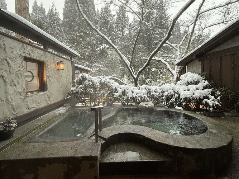 2024年に新設された「仙山亭」のゲスト専用の貸切風呂「原郷の湯」。 趣ある門を通って、宿の敷地へ誘われる。 ウエルカムは抹茶と甘酒の特別ドリンクと手づくりのお菓子。 風情ある庭を眺めて客室のテラスで外気浴。 片隅に書斎デスクがあるのもありがたい。 部屋のテーブルにはお茶請けになる地元のお菓子や畑の野菜のお漬物が。 天窓からの光が神秘的な湯船は、ボタンを押すと温泉ジェットバスになる。 夜の露天風呂で心もデトックス。 お風呂上りにテラスから眺める雪景色も最高。 湯あがりにみかんを食べてビタミン補給。 名物「岩窟 仙人風呂」は男女別大浴場の奥にある。 神殿みたいな雰囲気の洞窟温泉。 洞窟の奥から大量の源泉が自然湧出している。 敷地の小道に新設された焚き火を囲むテラス。 パチパチと燃える火を眺めると不思議と心が落ち着きます。 お造りはシナノユキマスの薄造り、ヤマメの炙り、なんと馬刺しの中にウニが巻いてあるものも。たっぷりの薬味や生姜と玉ねぎのソース、醤油、ポン酢などで食べ比べるのも楽しい。 リンゴの枝に刺して焼いた子持ち鮎の白焼きが登場。 料理長のスペシャリテは天然舞茸の天ぷら。 選べる肉料理が圧巻。 料亭には個室食事処の他に開放的なテラスの席がある。 ご飯にもパンにも合うおかずが充実。 朝からデザートとコーヒーでほっこり和む。
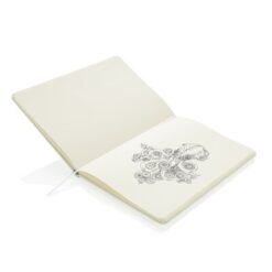 Notatnik A5 (72 puste kartki 70 g/m2 w kolorze kremowym), szkicownik, twarda okładka, tasiemka zakładkowa oraz elastyczna opaska do zamykania, ślad węglowy produktu: 0,54 kg CO2
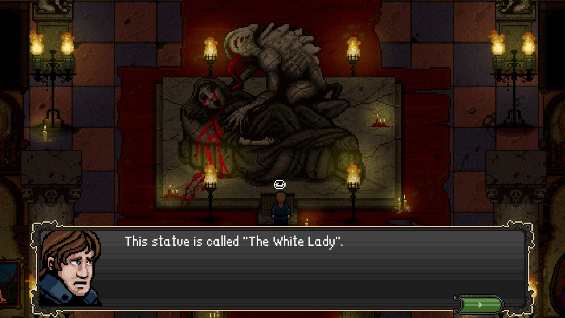 Despite the pixel art style, the imagery and art reflect that sense of “madness” and “darkness” well. The paintings and statues change from their peaceful yet awkward nature to this disturbing and distressing nature. Monsters roam the mansion, strange cobwebs cover the hallways, and blood, rotten food and other stuff can be found in some rooms. It’s distressing and I love it. The sound design also adds to that distressing atmosphere with some rather classical music as well as a lot of silence. I feel like silence in particular is a powerful tool that can immerse you even more into a game, movie or show. It can make normal scenarios incredibly scary and distressing and when you hear the slightest sounds you may. The soundtrack otherwise (when it plays sounds) is nice and comforting at times and distressing and ominous at other times. A perfect fit!
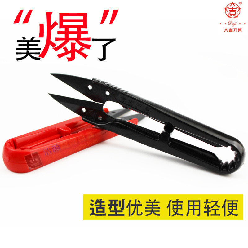 家庭用小型はさみ プラスチックハンドル 糸はさみ 糸切りはさみ U字型はさみ 黒、白、赤 3色 DJ-107 シングルハンドル
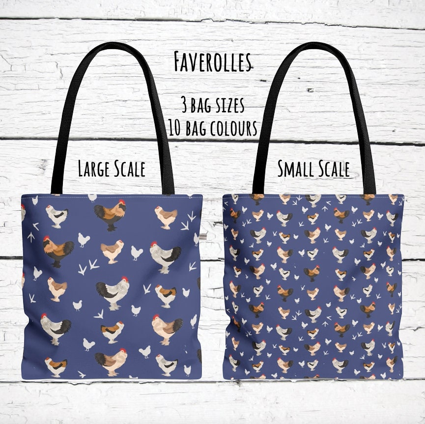 Faverolles Chicken lover's tote bag - perfect for sharing and showing off your feathered friends. This bag is perfect for travelling, going to the market or just to carry important items.
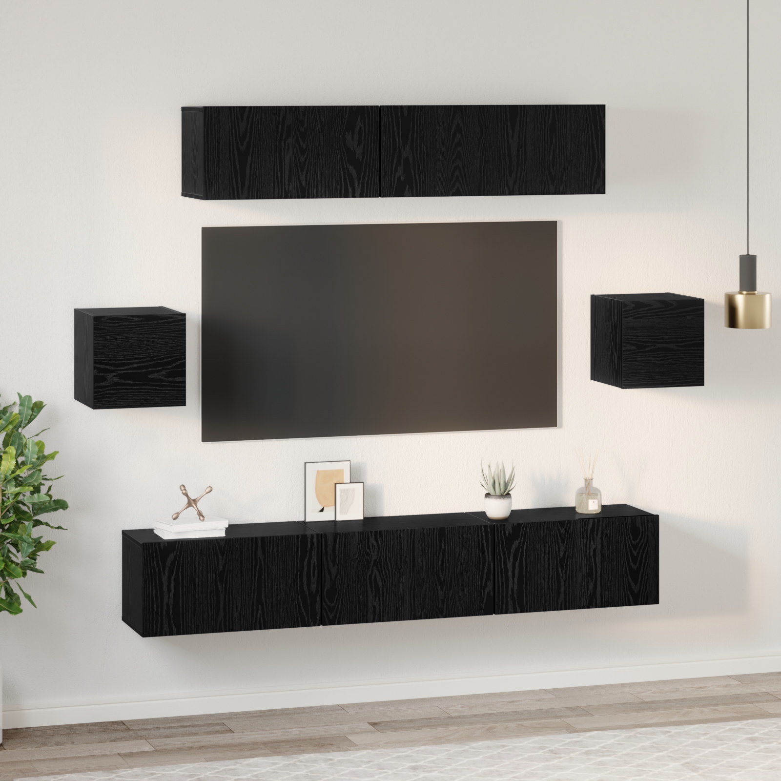 Set comodă TV 7 pcs Stejar negru 80 x 30 x 30 cm Lemn compozit
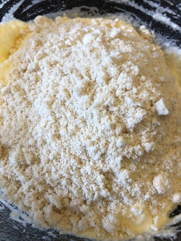 - Mandelstaub und Backpulver vermengen, auf die Eigelb-Eischneemasse geben und sachte mit einem Rührlöffel unterziehen.
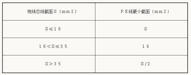 7)保護線(以下簡稱PE線)截面
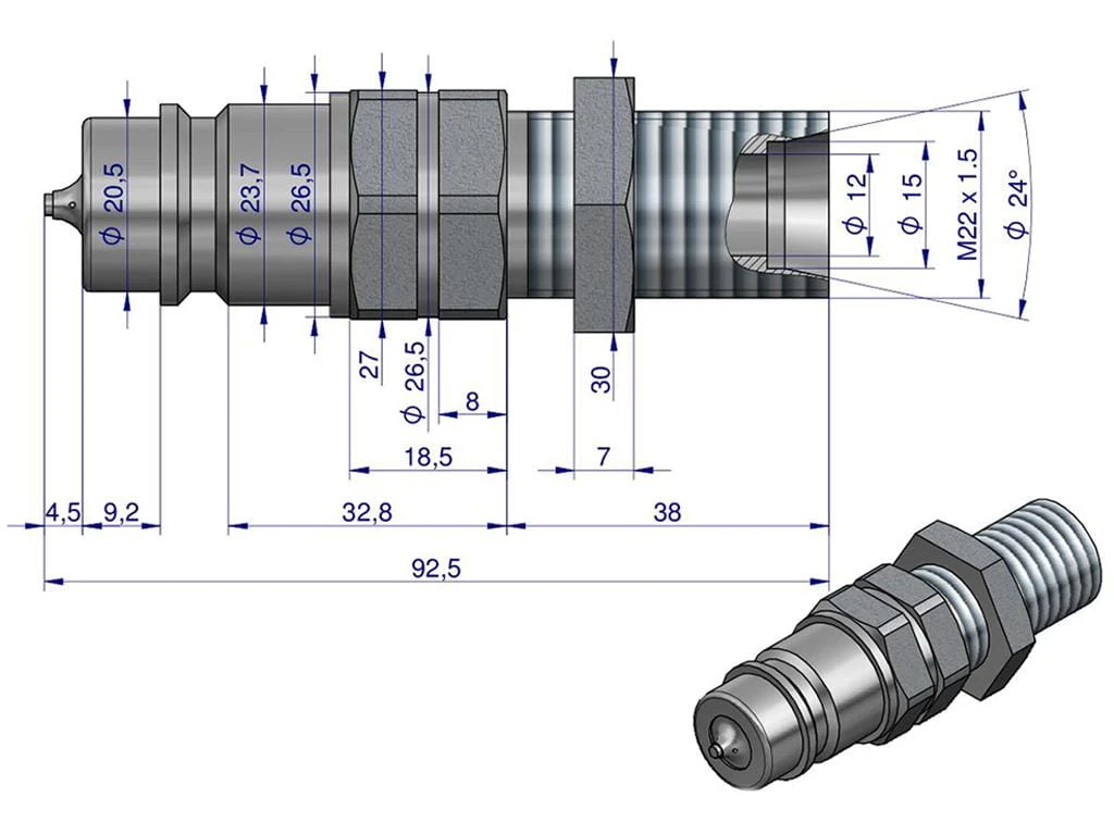Szybkozłącze hydrauliczne wtyczka long z eliminatorem ciśnienia M22x1.5 gwint zew. EURO (9100822W) (ISO 7241-A) Waryński (opakowanie 10szt)
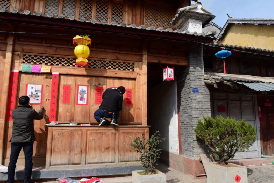 寫春聯(lián)繪年畫的傳統(tǒng)在劍川縣金華鎮(zhèn)由來已久,明朝洪武年間改土歸流和移民屯邊制度的推行,使儒家文化、理學(xué)思想逐漸融入邊疆人民的生活。金華古鎮(zhèn)居民受此影響,走上追求仕途功名的道路,文人鄉(xiāng)紳都以顯示儒學(xué)身份為榮。每逢春節(jié),人們會(huì)邀請有功名的仕子或傳學(xué)明經(jīng)的文人來到家中,撰寫對聯(lián),同時(shí)根據(jù)時(shí)令畫上一兩幅門神畫,希望通過此舉祈愿自家后生求得功名。如今走在金華古鎮(zhèn)西門街上,仍能看到家家種花養(yǎng)草,戶戶楹聯(lián)盈門,一派文風(fēng)蔚然的生機(jī)。
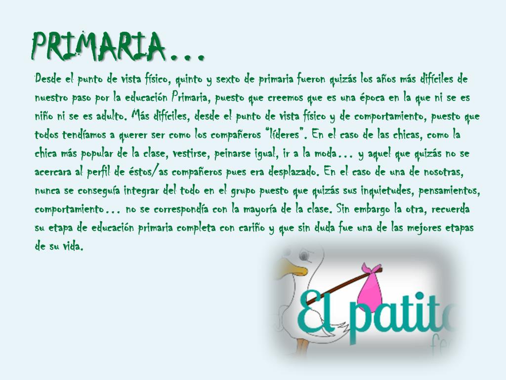 PRIMARIA… Desde el punto de vista físico, quinto y sexto de primaria fueron quizás los años más difíciles de nuestro paso por la educación Primaria, puesto que creemos que es una época en la que ni se es niño ni se es adulto. Más difíciles, desde el punto de vista físico y de comportamiento, puesto que todos tendíamos a querer ser como los compañeros “líderes”. En el caso de las chicas, como la chica más popular de la clase, vestirse, peinarse igual, ir a la moda… y aquel que quizás no se acercara al perfil de éstos/as compañeros pues era desplazado. En el caso de una de nosotras, nunca se conseguía integrar del todo en el grupo puesto que quizás sus inquietudes, pensamientos, comportamiento… no se correspondía con la mayoría de la clase. Sin embargo la otra, recuerda su etapa de educación primaria completa con cariño y que sin duda fue una de las mejores etapas de su vida.
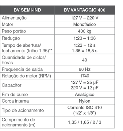 O automatizador BV HOME é indicado para portões basculantes residenciais de até 300 kg, podendo fazer até 30 ciclos (abertura e fechamento) por hora. Possui trilho centralizado (acoplado no centro do motorr
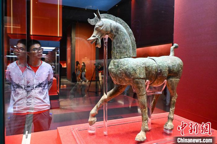 7月15日,云南昆明,东汉时期的“铜马”吸引观众。中新社记者 李嘉娴 摄
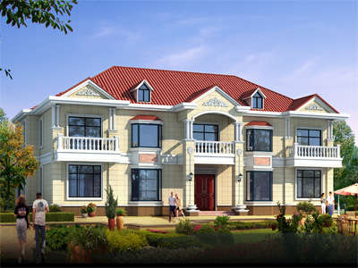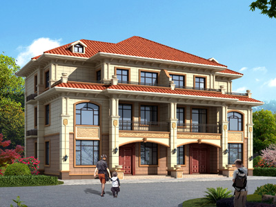L0361三層雙拼自建農村別墅設計圖紙外觀效果圖,新農村三層
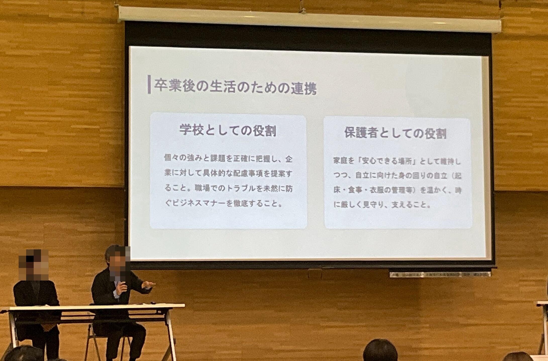 高等支援学校卒業生の社員の皆様には、質疑応答についても回答をいただき、講演を通じて参加した保護者にとっては就労による社会的自立のイメージを知る貴重な機会となりました。閉会での「就職はゴールではなく、社会の一員として自分らしく生きていくためのスタートであることが知れて勉強になりました」というPTA会長の挨拶が印象に残った有意義な研修会でした。
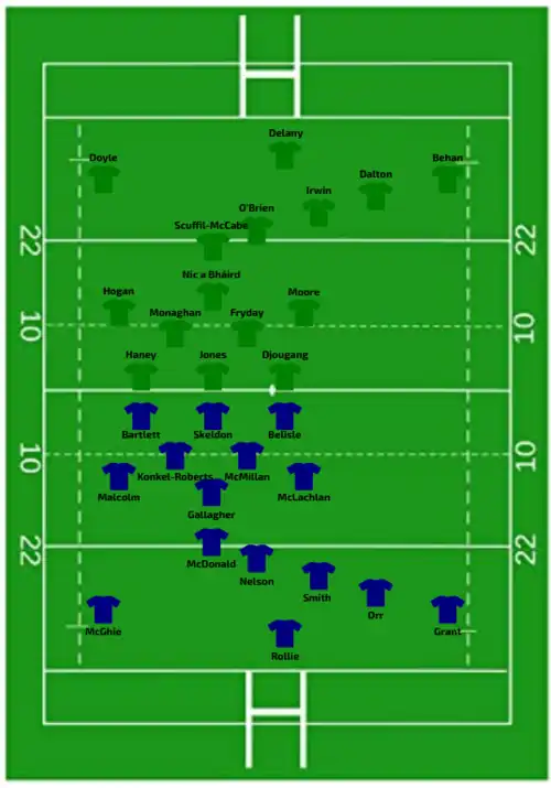 - 9 essais de L.Packer (26e), Heard (35e), Dow (40e), Aitchinson (45e), Breach (50e), Kildunne (54e), Muir (59e), Botterman (63e) et Beckett (73e).
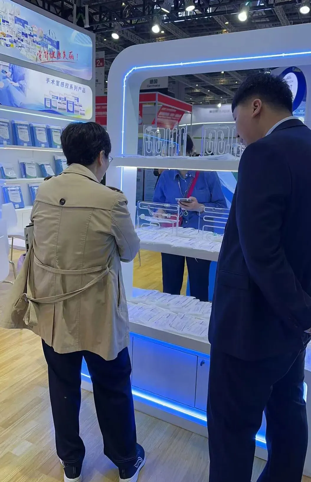 展位现场特设“医用输液器演示区”,通过产品模型直观呈现结构特点与出色性能。展示一经推出,便吸引了众多深耕一线的临床专家与渠道客商的重点关注,现场咨询络绎不绝,并收获了大量试用邀约及合作采购意向。
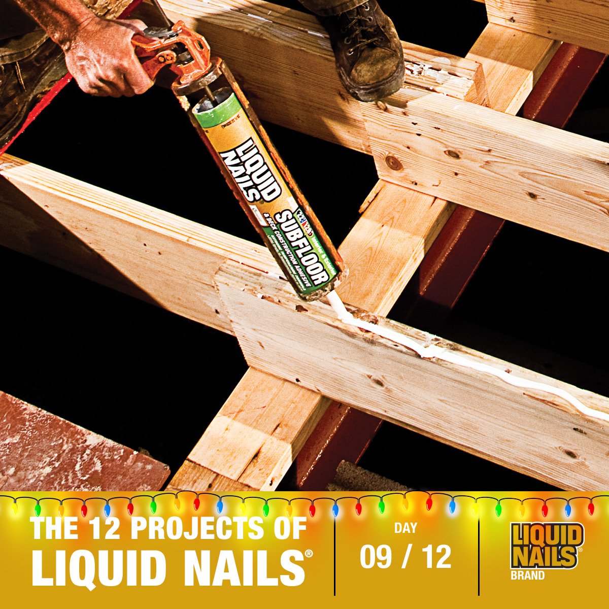 LIQUID NAILS Subfloor Deck Construction Adhesive LN-902LNP-902 permanently bonds wet frozen and treated lumber bridging gaps up to 38. Liquid Nails construction adhesive begins drying in 15 minutes and reaches maximum strength in about seven days though actual dry time varies with humidity temperature and adhered materials. Pin On Nails.
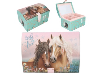 - aan de buitenkant in lichtgroen, binnenin roze en overal met paarden en leuke figuurtjes
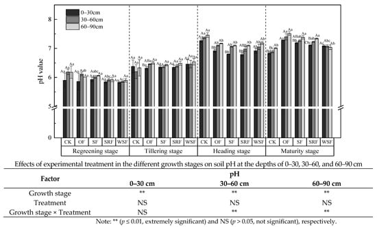 Soil pH value in the regreening, tillering, heading, and maturity stages under five treatments. Different capital letters indicate significant differences at the different soil depths in the same treatment (p < 0.05). Different lowercase letters indicate significant differences between different treatments at the same depth (p < 0.05).
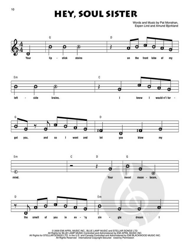 8 pop hits arranged for recorder in E-Z Play notation with the note name shown in the note head, including: Call Me Maybe / Hey, Soul Sister / Ho Hey / Home / I Knew You Were Trouble. / Paradise / Some Nights / What Makes You Beautiful.
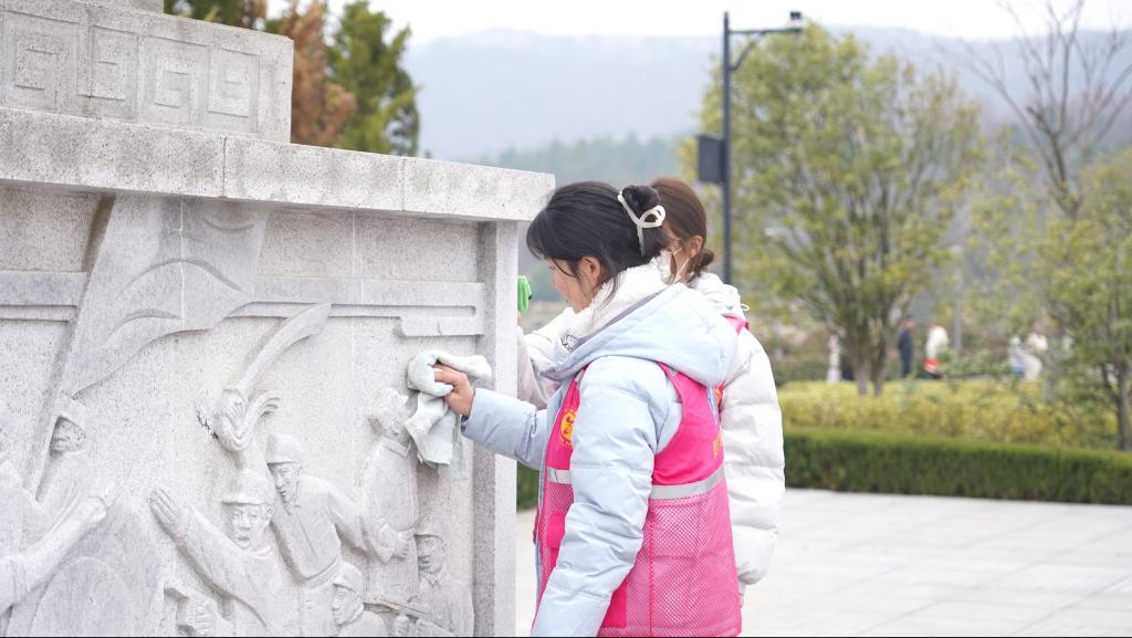 学生干部与入党积极分子身着整齐服装,带着清扫工具来到镜园广场。大家分工明确,迅速投入到清扫工作中。有的同学认真清扫广场上的落叶、烟头和杂物,有的则细心擦拭广场的公共设施。在擦拭革命纪念碑环节,同学们怀着崇敬之情,小心翼翼地擦拭着碑身的每一处,深切表达对革命先烈的缅怀与敬意。大家不怕脏、不怕累,用辛勤的汗水换来了广场环境的整洁与庄严,过往市民纷纷投来赞许目光。
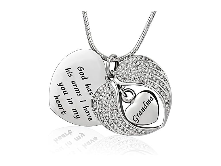 - (1) Norya God has you in his arms with Angel Wing Diamond Cremation Jewelry Keepsake Memorial Urn Necklace(Grandma)

============================================================

*Work required*
The answer is the lines above from the one with "- aan de buitenkant" to the one with "Soil pH value", set down exactly, with no pictures.

*Completed exercise*
 - aan de buitenkant in lichtgroen, binnenin roze en overal met paarden en leuke figuurtjes
 Soil pH value in the regreening, tillering, heading, and maturity stages under five treatments. Different capital letters indicate significant differences at the different soil depths in the same treatment (p < 0.05). Different lowercase letters indicate significant differences between different treatments at the same depth (p < 0.05).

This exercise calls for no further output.